Examples: bibliometrics, page rank, ...

Components:

publications, books, web pages, ...
citations, hyperlinks, ...

(representations)

graphs
directed graphs
hypergraphs
matrices
Markov chains

(datasets)

Stanford Large Network Dataset Collection

Social networks : online social networks, edges represent interactions between people
Networks with ground-truth communities : ground-truth network communities in social and information networks
Communication networks : email communication networks with edges representing communication
Citation networks : nodes represent papers, edges represent citations
Collaboration networks : nodes represent scientists, edges represent collaborations (co-authoring a paper)
...

http://snap.stanford.edu/data/

Review of Graphs¶

(graphs)

Graph: a set of vertices/nodes $V$ and a set of edges/links $E \subseteq V \times V$

directed vs undirected graph
self loops or no self loops
nodes have degrees, in/out-degrees

In [40]:

figsize(8,8)
G = nx.complete_graph(5)
nx.draw(G)

In [41]:

G = nx.empty_graph(6)
nx.draw(G)

In [42]:

G = nx.grid_2d_graph(5,4)
nx.draw(G)

In [43]:

G = nx.hypercube_graph(3)
nx.draw(G)

In [44]:

G = nx.path_graph(5)
nx.draw(G)

In [45]:

G = nx.star_graph(7)
nx.draw(G)

In [46]:

G = nx.wheel_graph(11)
nx.draw(G)

In [47]:

# Frucht graph = cubic graph with only a single (trivial) automorphism
G = nx.frucht_graph()
nx.draw(G)

In [48]:

G = nx.barbell_graph(5,2)
nx.draw(G)

In [49]:

G = nx.erdos_renyi_graph(20,0.2)
nx.draw_circular(G)

(walks, trails, paths)

a walk is a sequence of vertices and edges
a trail is a walk in which all the edges are distinct
a path is a walk in which all the edges and all the vertices are distinct
a closed walk is a walk that starts and ends on the same vertex
a cycle is a closed walk of at least three nodes, all edges are distinct, and only the start and end are the same
a tour is a closed walk in which each edge is used at least once

(distance in graphs)

Graphs and paths define a kind of distance.

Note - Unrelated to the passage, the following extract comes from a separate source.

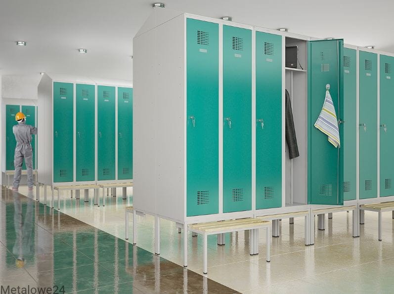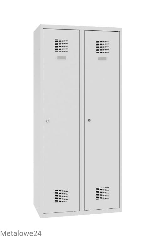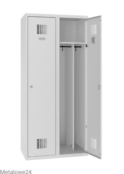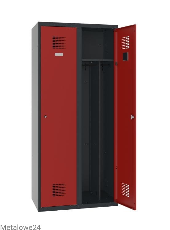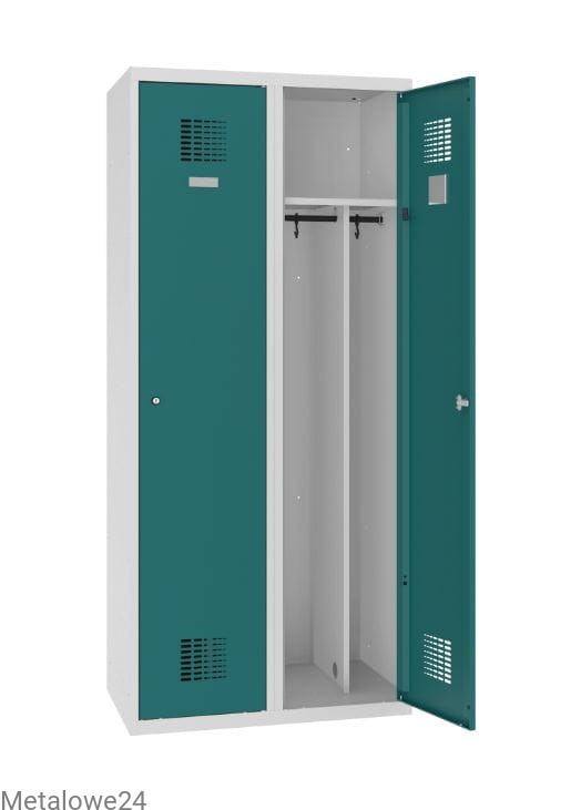 Dwudrzwiowa metalowa szafa ubraniowa Sum 420 W z pionową przegrodą na oddzielenie odzieży czystej od brudnej. Dwa niezależnie zamykane na klucz moduły dają swobodny dostęp dwóm użytkownikom. Szafka dedykowana do pomieszczeń socjalnych w miejscu pracy, ale również do szatni w szkole i innych miejsc użyteczności publicznej. Szafa do ustawia bezpośrednio na podłodze lub dedykowanej podstawie z ławką stałą lub wysuwaną.

a geodesic is the shortest path between two nodes
the distance or geodesic distance of two nodes is the length of the shortest path between them
the diameter of a graph is the longest distance in that graph
the eccentricity of a node is the largest distance of that node to any other node

In [50]:

G = nx.erdos_renyi_graph(20,0.2)
p = nx.shortest_path(G,0,19)
pos = nx.spring_layout(G)
nx.draw_networkx_nodes(G,pos,node_color='w',node_size=200)
nx.draw_networkx_labels(G,pos,font_size=10)
nx.draw_networkx_edges(G,pos,style='dotted')
nx.draw_networkx_edges(G,pos,edgelist=zip(p,p[1:]),edge_color='r')
axis("off"); None

In [51]:

while not nx.is_connected(G): G = nx.erdos_renyi_graph(20,0.2)
nx.average_shortest_path_length(G)

Out[51]:

2.1894736842105265

(connectivity)

graphs are connected or disconnected
nodes are partitioned into connected components (subgraphs whose nodes have a finite distance with, and an infinite between them)
a node is a cutpoint if removing it increases the number of connected components
an edge is a bridge if removing it increases the number of connected components
a cutset of nodes is a set of nodes such that removing it increases the number of connected components
the node connectivity of a connected graph is the minimum size of a cutset

(applications of connectivity)

Node connectivity is related to failure. E.g., the node connectivity of a computer network (as a graph) tells you the minimum number of failures before the network becomes disconnected.

Connectivity may also be related to group structure of a social network, identifying weak or attackable links, etc.

Continuous generalizations are based on flow and the effect of cuts on flow.

Concepts from flow and connectivity are also used in image segmentation.

In [52]:

G = nx.erdos_renyi_graph(20,0.3)
# nx.minimum_node_cut(G)

In [53]:

for node in range(20): 
    for e in G[node]: 
        G[node][e]["capacity"] = 1.0
nx.min_cut(G,0,1,"capacity")

Out[53]:

6.0

(example: condensation)

This is mainly one of many examples of fun and potentially useful algorithms and concepts lurking in graph libraries. Browse and experiment!

A condensation of a directed graph is a directed graph in which all the strongly connected components have been turned into a single node.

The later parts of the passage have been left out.